NMR spectroscopy of solid state and oriented systems has long been an important area of research in the Pines group. NMR spectra of these systems contain plenty of chemical information. However, interpreting these spectra often requires sophisticated manipulation of the spin interactions in order to selectively extract the desired information or to correlate one kind of information to another.

Our recent work in high-resolution solid-state NMR includes a collaboration with the Wemmer lab to investigate the structures of fibril-forming peptides. The major focus in this area is the development of high performance recoupling pulse sequence combined with novel sample labeling strategy, in order to extract structural information of solid peptides with local order. Long-range distance information is the major target of our pursuit.
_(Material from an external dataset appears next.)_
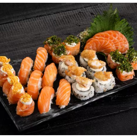 6 sashimi de salmão 5 niguiri de salmão 5 jhou de salmão 5 uramaki de salmão com cream cheese 5 hossomaki de salmão 6 hot holls (sem alteração) Deixe sua avaliação no sobre esse pedido, sua avaliação 5 estrelas vai nos ajudar bastante ;)

We are also developing and using novel switched-angle spinning (SAS) and projected magic-angle spinning (p-MAS) experiments. By correlating the information-rich, but hard-to-interpret anisotropic spectrum with the (over)simplified magic angle spinning (MAS) spectrum, we can efficiently obtain structural information. We have applied this principle by using variable angle spinning (VAS) to measure scaled dipolar couplings in a small molecule dissolved in different thermotropic liquid crystals, thus the circumventing experimental errors encountered when changing the order parameter by varying the temperature. For samples such as liquid crystals and other oriented systems, which become unstable when spun at the magic angle, we can reconstruct the hypothetical isotropic spectrum from the appropriate projection in the p-MAS experiment .

For the oriented systems, the information-tailoring can be done not only by manipulating spin interactions, but also by changing the way that the sample is oriented. Different orienting media provide different kinds of spectral information, and different physical methods for molecular alignment can offer new possibilities for NMR methodology and applications.